What will possibly be left for you to talk about with your fellow-employees once National Cyber Security Awareness Month (NCSAM) rolls around this October? Since Mid-March of 2020, every day has been cyber-awareness month for stressed-out end users and corporate cybersecurity teams.
If you work in security, you’ve probably spent the last 20 months gently – and repeatedly — reminding your suddenly-remote workforce about the dangers of phishing e-mails and the evils of public wi-fi. As COVID-19 drove more and more employees to work from home, you’ve also probably banged the drum over and over again about why employees shouldn’t discuss sensitive topics on poorly-secured videoconferencing platforms. You may have even sent out “all-employee” e-mail reminders about the risks of working in the presence of their always-listening smart speaker or even their own eavesdropping kids. So…good luck coming up with something fresh for NCSAM this year, my security-team friends.
But here’s a modest proposal: this October, instead of focusing your security awareness efforts yet again on end-users, why not put your energy into “managing up” — and making senior leaders and other “security program influencers” the primary target of your educational outreach?
“Security program influencers” are the people who influence security budgets and priorities, who “own” business processes that can bring risk to the organization, and who will play an important role (whether they know it or not) when and if your company finds itself on the wrong end of a ransomware attack or a major compromise.
Here are two areas where you can influence the security influencers in your organization this October:
- Incident preparedness: When was the last time your organization dusted off its incident response plan and actually practiced it? This October, bring together (virtually, of course) the stakeholders and leaders who are (or should be) part of your incident response plan: key business line managers, Legal, HR, Communications, as well as your IT and security colleagues. Verizon’s Incident Preparedness and Readiness Report found that only 57 percent of incident response playbooks are actually “rehearsed” annually, and many don’t even describe the roles that “non-IT” managers and executives play during a cyber crisis. Get your key security program influencers into a Zoom-room for a tabletop exercise and take good notes about what went right — and what went painfully wrong. And then update your response plan and schedule the next practice session.

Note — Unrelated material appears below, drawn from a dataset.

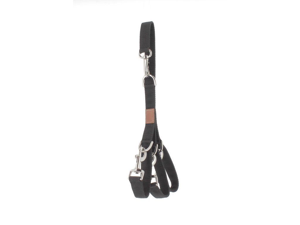 Vyrobeno ze 100% polyesterového popruhu a 100% nerezového kování. K dispozici v černé barvě se stříbrnou karabinou. Univerzální velikost, která se přizpůsobí každé uzdečce.

- Error reduction: Some business-line managers may be reluctant to change their processes because “we’ve always done it that way,” but those processes may be leading to errors that result in data-leakage or stolen credentials. Verizon’s 2021 Data Breach Investigations Report shows that “errors” – misdirected e-mails, misconfigured permissions to shared folders and the like – are one of three root causes in a large majority of data breaches. Can e-mailing sensitive information to customers be replaced with a secure portal? Do you really need to have certain information sent or received by fax? (True story – earlier this year my kid needed to see a specialist at a local hospital, and they would only take our referral information via fax…fax! Which we sent three times – and was lost THREE times before it landed in the right hands. Lots of personal health information on that piece of paper.) Challenge your organization’s business line managers to put their processes under some overdue cybersecurity scrutiny.

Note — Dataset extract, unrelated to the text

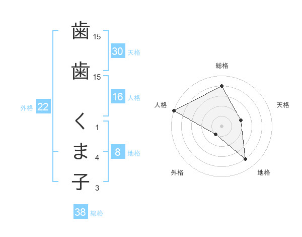 歯歯 くま子さんを姓名の画数から五運を鑑定

Yes, you still need to communicate with end-users this coming National Cyber Security Awareness Month. But given how often you’ve already wagged your awareness-finger at your organization’s employees since mid-March of 2020, why not turn your attention to the execs and other senior leaders this time around? (And don’t forget to make the rest of the organization aware that you’re taking this approach. They’ll appreciate knowing that you’re badgering the bigshots, too.)